◆ **Exercise prompt**
Take the lines of the data below from the very first through the line containing "Een Duitse soldaat" and output them exactly, pictures excluded.

◆ **Records for this task**
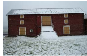
Idas midsommarloge tre dagar senare
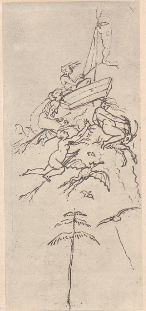
Hexen zum Brocken fahrend, Entwurf.

Goethe und die Romantik Wie tief im Zentrum seines Wesens Goethe verletzt war durch die Mißerfolge seiner Unternehmungen und das Aufkommen eines Kunst-
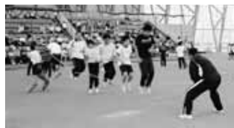
▲「スポーツクラブ21ひょうご」とよおか交流スポーツ大会の長なわとび
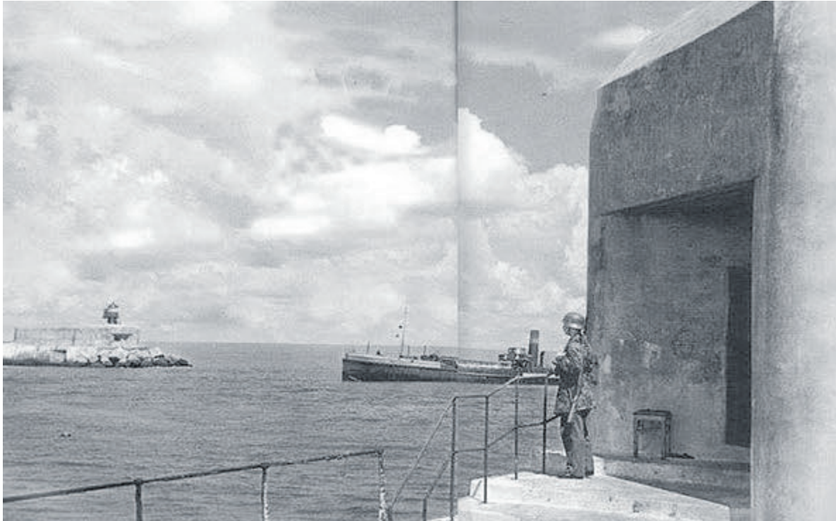
Een Duitse soldaat op de Noordpier, uitkijkend in de richting van de Zuidpier. Op beide pieren stond destijds een bunker van het type S.K. (Sonderkonstruktion), speciaal ontworpen om op de pieren te passen. In de bunker stond een snelvuurkanon van het type Festungspak, een wapen van Tsjechische makelij. Dit type kanon zou vrijwel elk type te verwachten schip kunnen laten zinken.

Met voormalig havenmeester Piet Dekker blikken we terug op de geschiedenis van de haven van IJmuiden. In het eerste deel (7 september 2023) hebben we het ontstaan van de haven toegelicht. In het tweede deel aandacht voor de situatie in de oorlogsjaren en de aansluitende periode van wederopbouw.
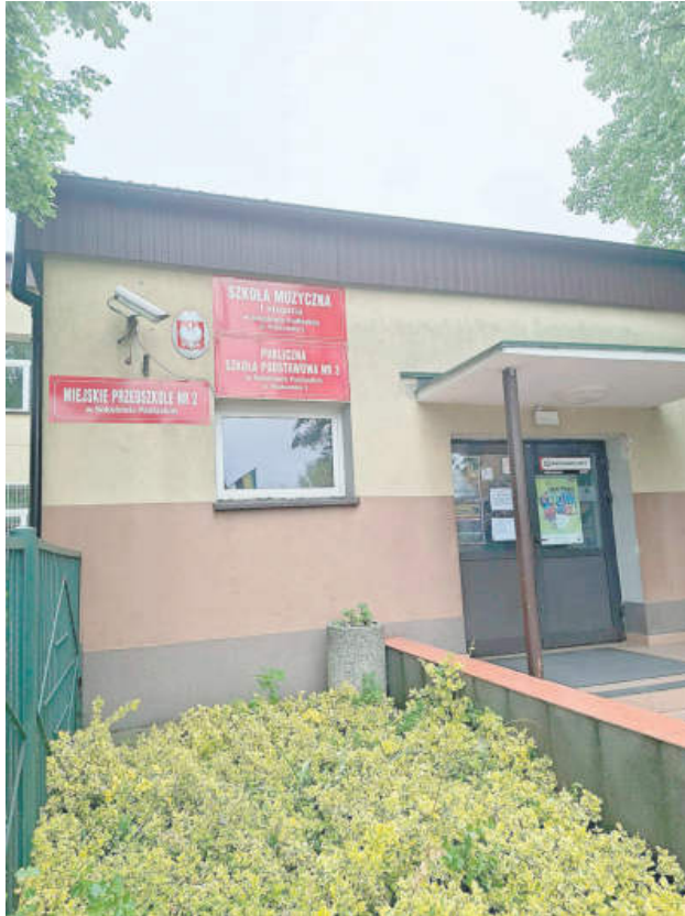
To ostatnie dni SP nr 3
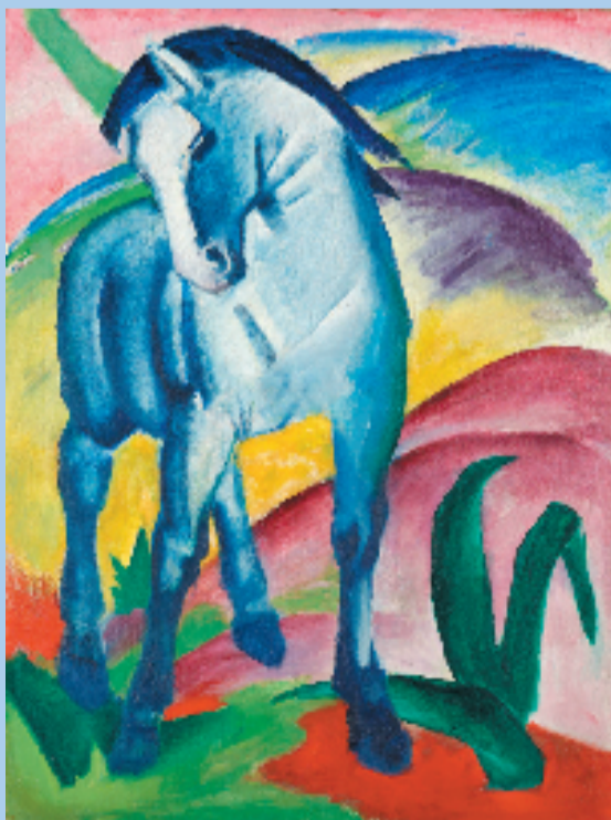
弗朗茨·马克 蓝马一号 1911年

度。1910年底,他正式提出色彩理论:“蓝色代表男性原则,内敛而富有灵性;黄色代表女性原则,温柔、快乐而感性;红色代表物质,粗暴而沉重,总是被其他两种颜色所对抗和超越。”
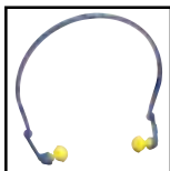
Flexicap Art nr: FX-01-000
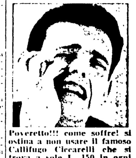
Poveretti! Come soffrirli si ostina a non usare il famoso Caffilgno Clearelli che si trova a sole L. 150 in ogni farmacia!

BEIRUT, 10. — Una bomba è esplosa questa mattina a Beirut davanti alla sede del consolato generale della R.A.L. provocando leggeri danni e un ferito.
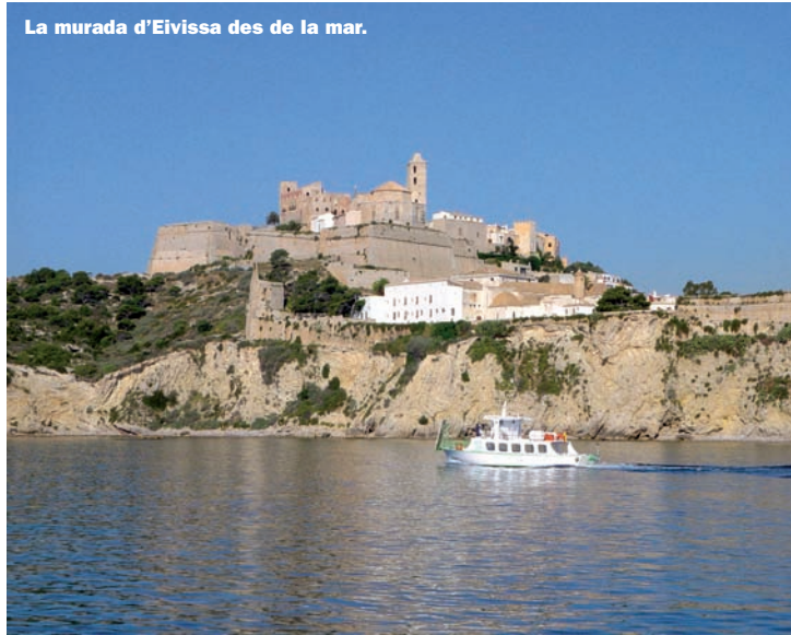
La murada d'Eivissa des de la mar.
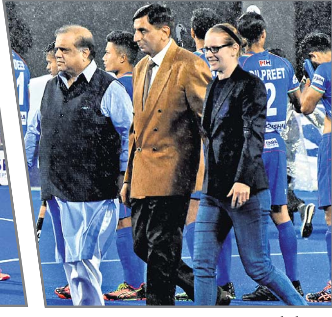
ଅତିଥି ଏଫଆଇଏଚ୍ ସଭାପତି ନରିନ୍ଦର ବାଗ୍ରା ହକି ଇଣ୍ଡିଆର କର୍ମକର୍ତ୍ତାଙ୍କ ସହ।

◆ **Task output**
Idas midsommarloge tre dagar senare
Hexen zum Brocken fahrend, Entwurf.

Goethe und die Romantik Wie tief im Zentrum seines Wesens Goethe verletzt war durch die Mißerfolge seiner Unternehmungen und das Aufkommen eines Kunst-
▲「スポーツクラブ21ひょうご」とよおか交流スポーツ大会の長なわとび
Een Duitse soldaat op de Noordpier, uitkijkend in de richting van de Zuidpier. Op beide pieren stond destijds een bunker van het type S.K. (Sonderkonstruktion), speciaal ontworpen om op de pieren te passen. In de bunker stond een snelvuurkanon van het type Festungspak, een wapen van Tsjechische makelij. Dit type kanon zou vrijwel elk type te verwachten schip kunnen laten zinken.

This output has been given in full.